> [Exercise directions] Please restate every entry exactly. Leave out the pictures.

> [Excerpts from a dataset]
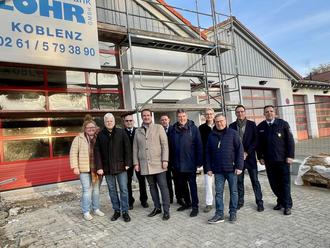 Die Verbandsgemeinde (VG) Weißenthurm investiert in die Zukunft ihrer Feuerwehr: Die Erweiterungsarbeiten an der bestehenden Fahrzeughalle der Einheit Bassenheim sind fast abgeschlossen. Künftig wird es in dem eingeschossigen Neubau, der direkt an die bereits bestehende Halle anschließt, Platz für zwei zusätzliche Einsatzfahrzeuge geben. VG-Bürgermeister Thomas Przybylla, Wehrleiter Arnd Lenarz mit seinem Stellvertreter Marco Ihrlich und der Bassenheimer Wehrführer Michael Röser informierten sich gemeinsam mit Mitgliedern des Ältestenrates vor Ort vom Baufortschritt.
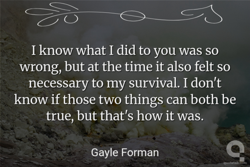 I know what I did to you was so wrong, but at the time it also felt so necessary to my survival. I don't know if those two things can both be true, but that's how it was.
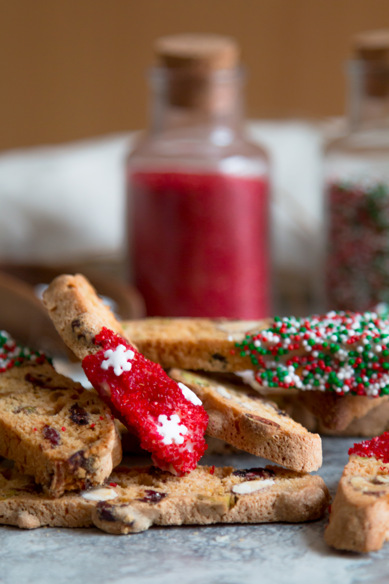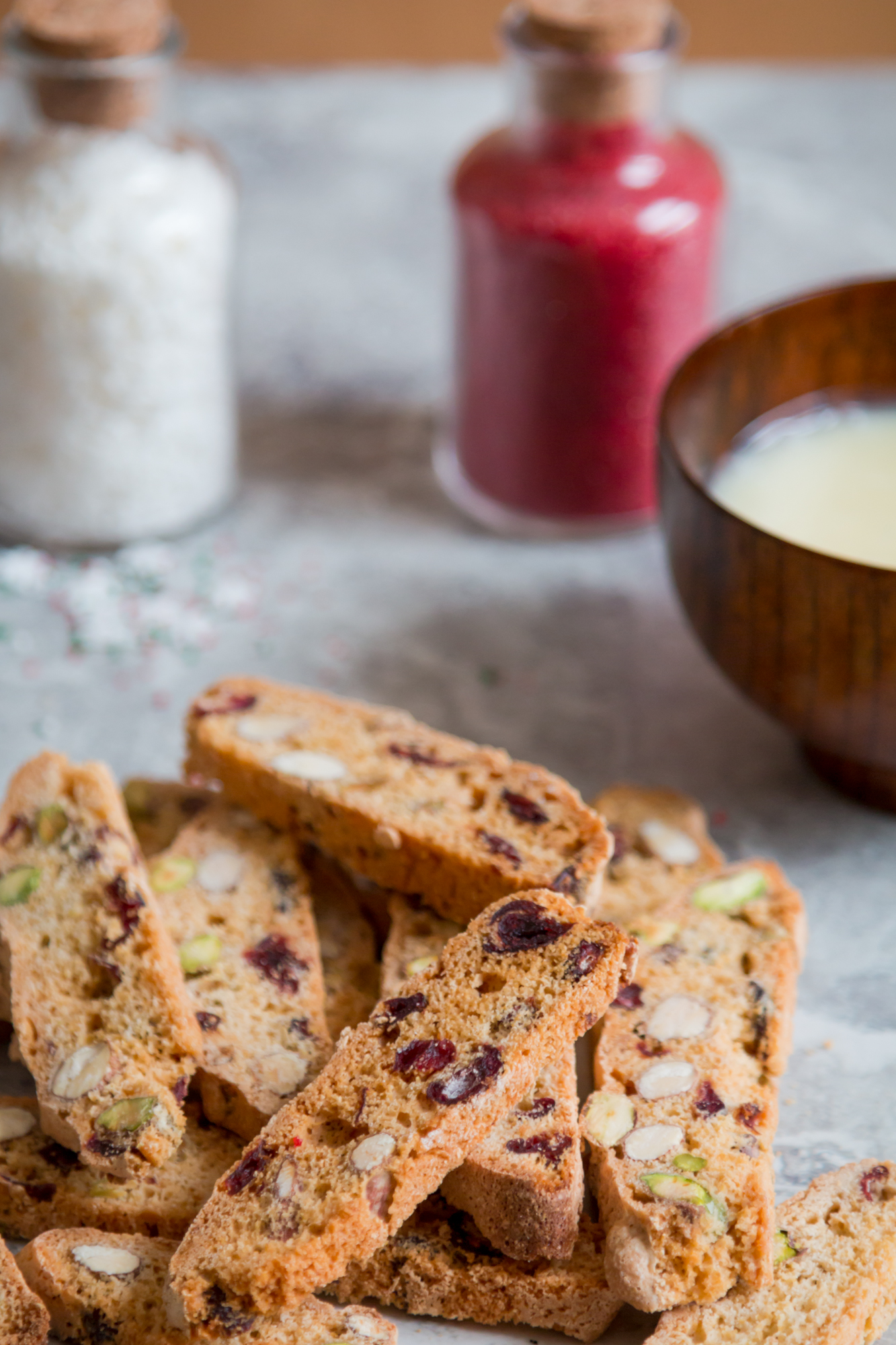 Au Maroc, nous avons aussi les biscottis. Habituellement ils sont faits avec des amandes, des raisins mais il n’y a pas de règles ! N’est-ce pas ? En cette période de fêtes de fin d’année, j’ai pensé que nous pouvons utiliser des pistaches et des canneberges séchées car non seulement cela donne aux biscottis une apparence festive mais aussi beaucoup de goût !
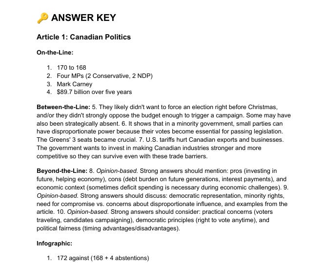 Canadian context: Every article connects to Canada in meaningful ways. That localization matters. It helps kids understand that world events affect them personally.
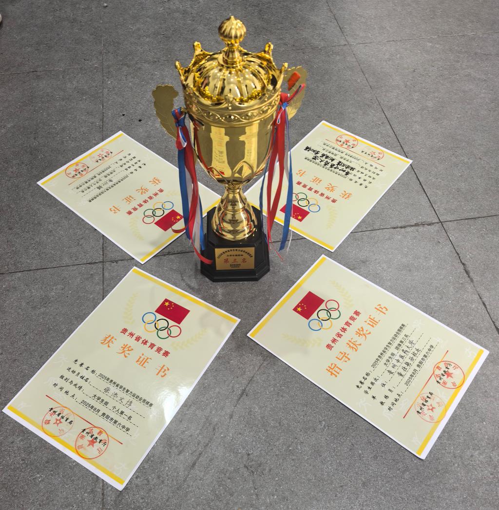 在8月16日至17日于贵阳市第六中学(白云校区)举行的2025年贵州省学生智力运动会围棋赛上,我校代表队由2021级针灸推拿(1)班的张添文博、2023级中医养生班的赵浩君、2022级袁家玑班的李沁镅组成,经过2天共6轮的角逐,荣获团体第三名的优异成绩!张添文博同时荣获大学生组个人第一名,李沁镅荣获女子个人第六名。
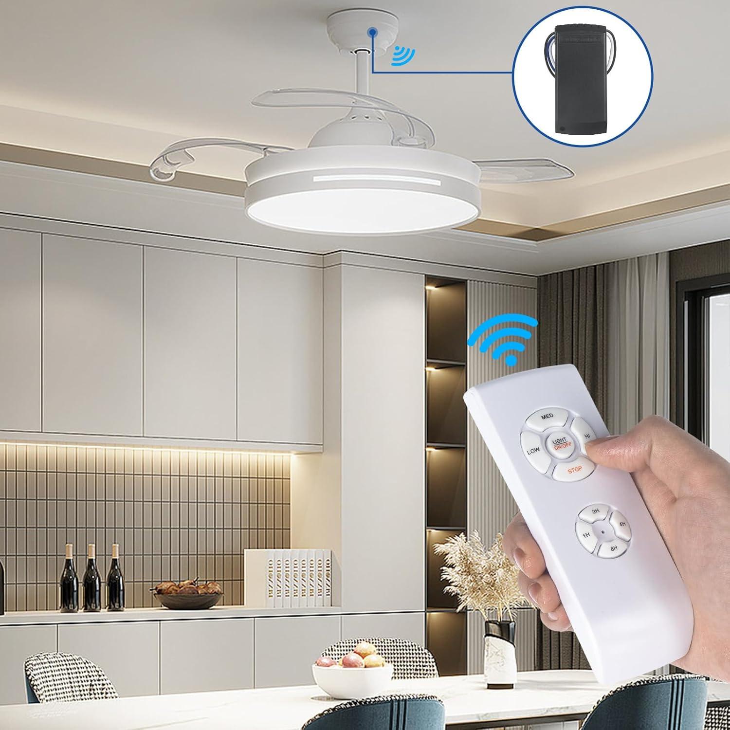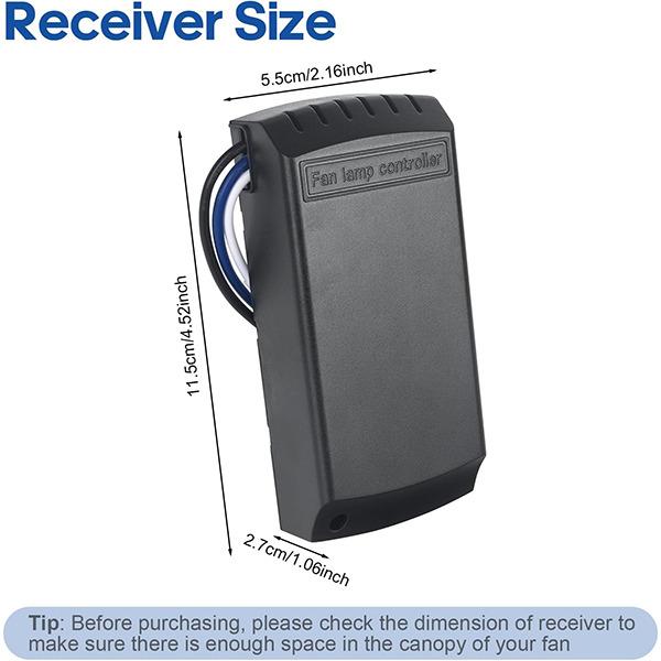 (نصب آسان): این کیت کنترل از راه دور پنکه سقفی مجهز به دفترچه راهنمای کاربر است تا به شما کمک کند گیرنده را در پنکه خود نصب کنید. علاوه بر این، برچسب هایی روی سیم گیرنده وجود دارد تا بتوانید به راحتی کابل را بررسی و تعمیر کنید. اطمینان حاصل کنید که فضای کافی در سایبان وجود دارد، لطفاً به اندازه گیرنده مراجعه کنید.

> [Solution]
 Die Verbandsgemeinde (VG) Weißenthurm investiert in die Zukunft ihrer Feuerwehr: Die Erweiterungsarbeiten an der bestehenden Fahrzeughalle der Einheit Bassenheim sind fast abgeschlossen. Künftig wird es in dem eingeschossigen Neubau, der direkt an die bereits bestehende Halle anschließt, Platz für zwei zusätzliche Einsatzfahrzeuge geben. VG-Bürgermeister Thomas Przybylla, Wehrleiter Arnd Lenarz mit seinem Stellvertreter Marco Ihrlich und der Bassenheimer Wehrführer Michael Röser informierten sich gemeinsam mit Mitgliedern des Ältestenrates vor Ort vom Baufortschritt.
 I know what I did to you was so wrong, but at the time it also felt so necessary to my survival. I don't know if those two things can both be true, but that's how it was.
 Au Maroc, nous avons aussi les biscottis. Habituellement ils sont faits avec des amandes, des raisins mais il n’y a pas de règles ! N’est-ce pas ? En cette période de fêtes de fin d’année, j’ai pensé que nous pouvons utiliser des pistaches et des canneberges séchées car non seulement cela donne aux biscottis une apparence festive mais aussi beaucoup de goût !
 Canadian context: Every article connects to Canada in meaningful ways. That localization matters. It helps kids understand that world events affect them personally.
 在8月16日至17日于贵阳市第六中学(白云校区)举行的2025年贵州省学生智力运动会围棋赛上,我校代表队由2021级针灸推拿(1)班的张添文博、2023级中医养生班的赵浩君、2022级袁家玑班的李沁镅组成,经过2天共6轮的角逐,荣获团体第三名的优异成绩!张添文博同时荣获大学生组个人第一名,李沁镅荣获女子个人第六名。
 (نصب آسان): این کیت کنترل از راه دور پنکه سقفی مجهز به دفترچه راهنمای کاربر است تا به شما کمک کند گیرنده را در پنکه خود نصب کنید. علاوه بر این، برچسب هایی روی سیم گیرنده وجود دارد تا بتوانید به راحتی کابل را بررسی و تعمیر کنید. اطمینان حاصل کنید که فضای کافی در سایبان وجود دارد، لطفاً به اندازه گیرنده مراجعه کنید.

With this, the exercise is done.